Re: [Yaffs] Fix for yaffs_ECCCorrectOther

Top Page
Attachments:
Message as email
+ (text/plain)
Delete this message
Reply to this message
Author: Charles Manning
Date:  
To: yaffs
CC: Blair Barnett, Paul Lima, Gennady Dagman
Subject: Re: [Yaffs] Fix for yaffs_ECCCorrectOther
On Friday 15 September 2006 06:14, Gennady Dagman wrote:
> Hello,
>
> While investigating linux kernel oops crash (attached) I found:
>
> The traceback: nandmtd2_ReadChunkWithTagsFromNAN -> yaffs_UnpackTags2 ->
> yaffs_ECCCorrectOther
>
> The line of code that caused the crash in yaffs_ECCCorrectOther:
>         data[lDelta] ^= (1 << bit);
> At this point data address is in r4 = c34f3cd4 and offset (lDelta) is in
> r1 = 30303034 (WRONG ! should not be bigger than
> sizefo(yaffs_PackedTags2TagsPart)-1 = 15)

>
> The real cause of this failure was a mysteriously corrupted tag and
> tag's ECC read from flash. Register and stack analysis shows that at
> this point we had:
>
> data(tag) = 303030cc 303030fe 30183030 18303030
> test_ecc = 15 00000004 fffffffb
> read_ecc = 30 30303030 30303030
>
> Questions:
> ----------
>
> 1) I believe yaffs_ECCCorrectOther is lacking this robustness check:
>
>  if(lDelta >=  nBytes)
>    return -1;

>
> just before: data[lDelta] ^= (1 << bit);
>
> 2) Probably we should also check that
>     read_ecc->lineParity = ~read_ecc->lineParityPrime
> or, at least, the difference between
>     read_ecc->lineParity and ~read_ecc->lineParityPrime
> not more than 1 bit ??


Thank you. I will investigate this further.

>
> 3) What could be the reason for this strange tag+ecc corruption ? Looks
> like it was (over)written with ascii 0s.. Could it be the result of
> unfinished (interrupted by power off, h/w reset etc) nand write ?

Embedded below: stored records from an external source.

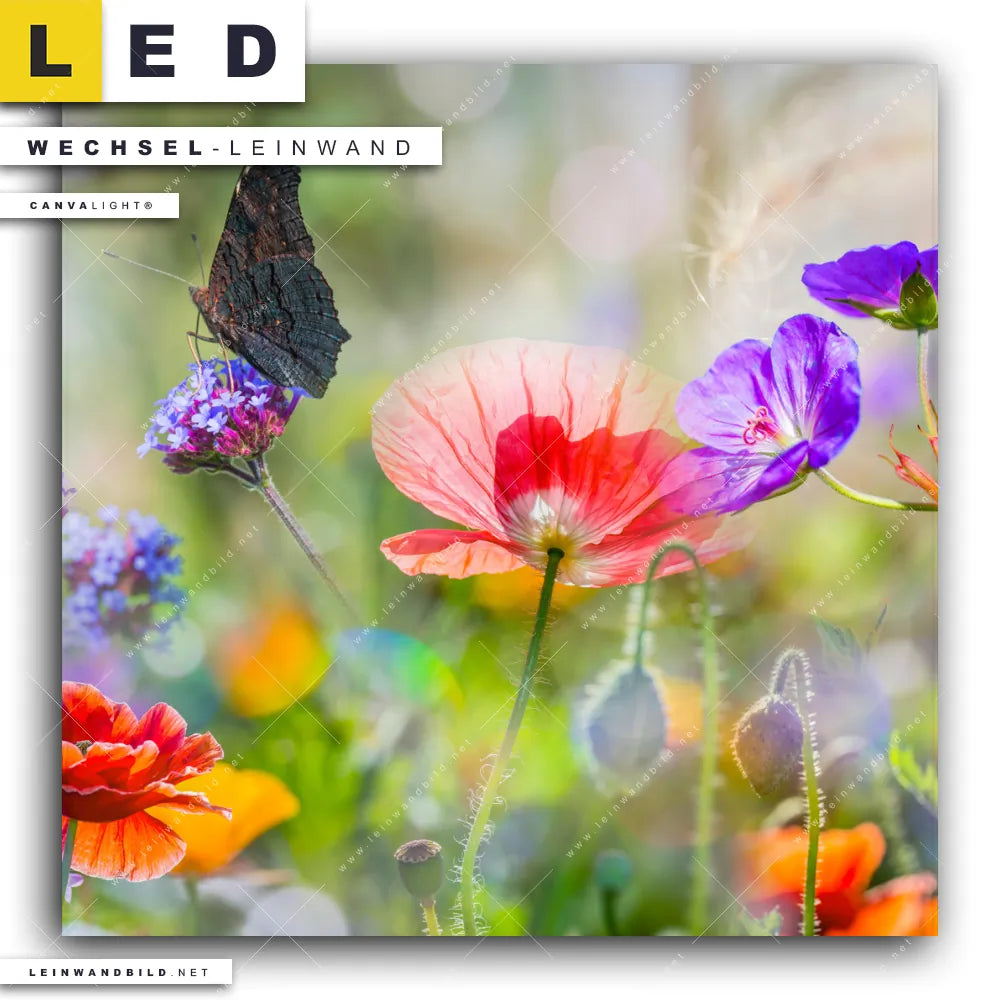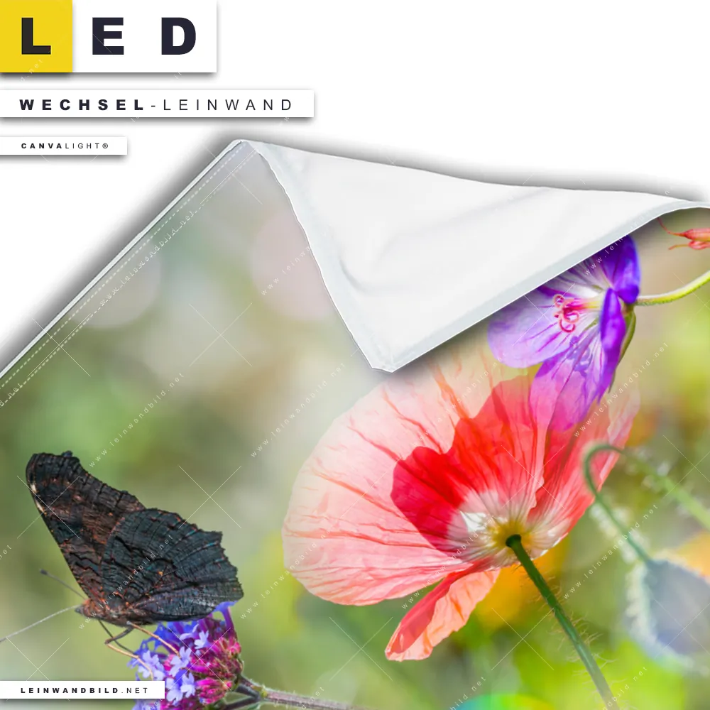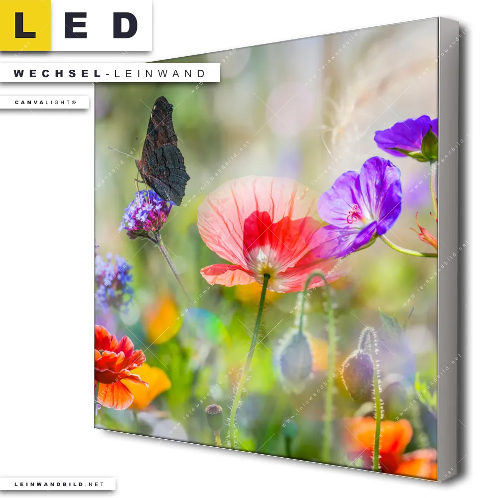 LED Wechsel-Leinwand Canvalight® TEX | Blumenwiese mit Schmetterlingen | Quadrat
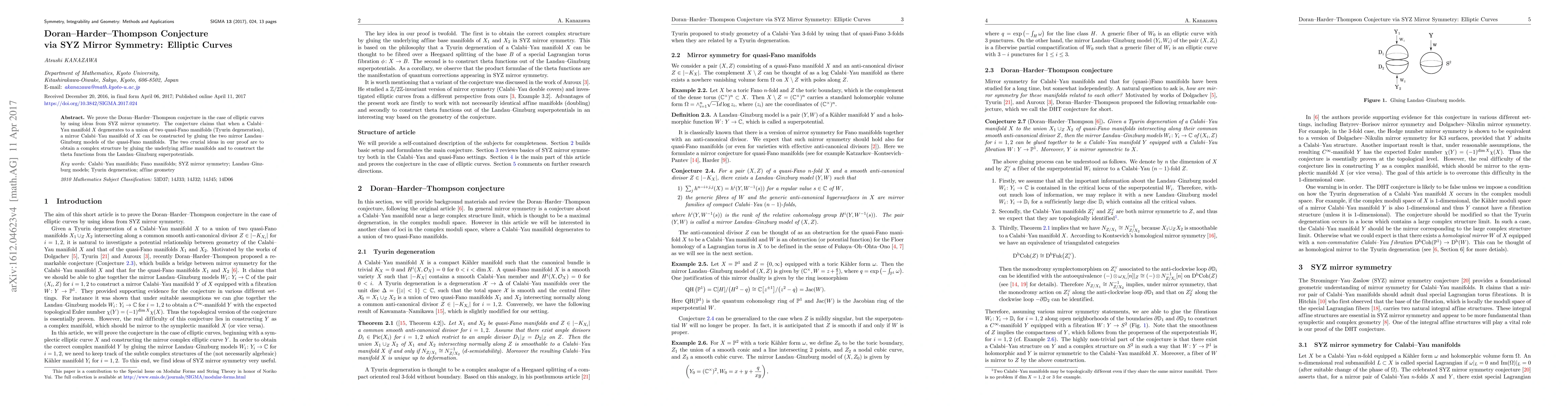 Summary: We prove the Doran-Harder-Thompson conjecture for elliptic curves using SYZ mirror symmetry, establishing that a mirror Calabi-Yau manifold can be constructed by gluing the mirror Landau-Ginzburg models of quasi-Fano manifolds. The key methods involve gluing affine manifolds to obtain a complex structure and constructing theta functions from Landau-Ginzburg superpotentials.
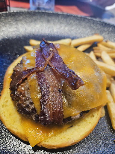 La comida es de una calidad extremadamente baja. Cuando comparas la foto de la hamburguesa en el menú con lo que te sirven en el plato, te sientes estafado. Este restaurante, de hecho, es un completo engaño. Mira, se supone que esta es la Smash Bacon and Cheese burger. Ni siquiera se molestaron en incluir una loncha completa de tocino, que probablemente costaría solo 10 céntimos más. En su lugar, la cortaron en unas pocas tiras delgadas. No hay salsa ni nada más, solo unas pocas patatas fritas secas y viejas, todo por el precio escandaloso de 14 euros. Puedes encontrar hamburguesas mucho mejores en cafés locales por la mitad del precio. No vayas aquí, porque...
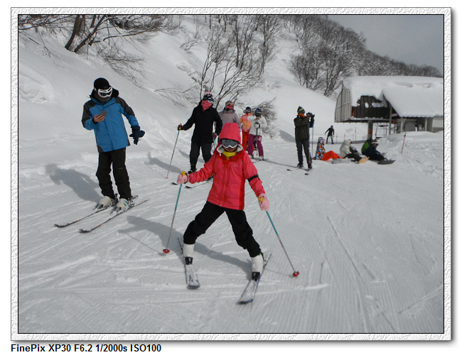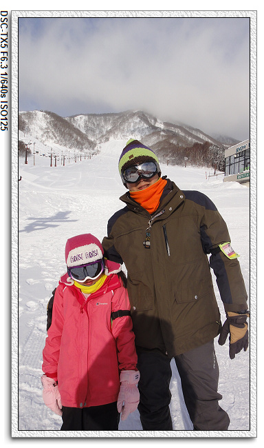 其實小羽媽最後一趟在4號滑道跟在小羽後面時,有打算在直線部分練併腿,但速度實在太快,小難控制,而且小羽的滑行實在相當穩定的快,要亦步亦趨地跟著實在無法用剛要練習的招式處理,再加上手、腳實在太凍了,兩個人就偷懶了,還被小羽爸碎念怎麼兩次滑雪最後半天都撐不下去,實在是這活動真的不是我們愛的啊!!

I doub't this is caused by an interrupted nand write. It looks more like a
bus integrity or driver issue causing the incorrect address to be set up in
the NAND write.

>
> 4) I see that currently ecc errors during nand_read are ignored silently
> as long as all other read errors. Maybe it's worth to report them at
> least: error counters, yaffs traces ? As for ecc errors I suggest to
> put the following trace:
>
> if (t->eccResult)
> {
> T(YAFFS_TRACE_ALWAYS,
> (TSTR("ecc error=%d colParity=0x%0x lineParity=0x%0x lineParityPrime=0x
> %0x" TENDSTR),t->eccResult, pt->ecc.colParity, pt->ecc.lineParity,
> pt->ecc.lineParityPrime));
> }
>
> in yaffs_UnpackTags2 just after call to yaffs_ECCCorrectOther it could
> make life easier.
>
> Thanks,
>
> Gennady Dagman.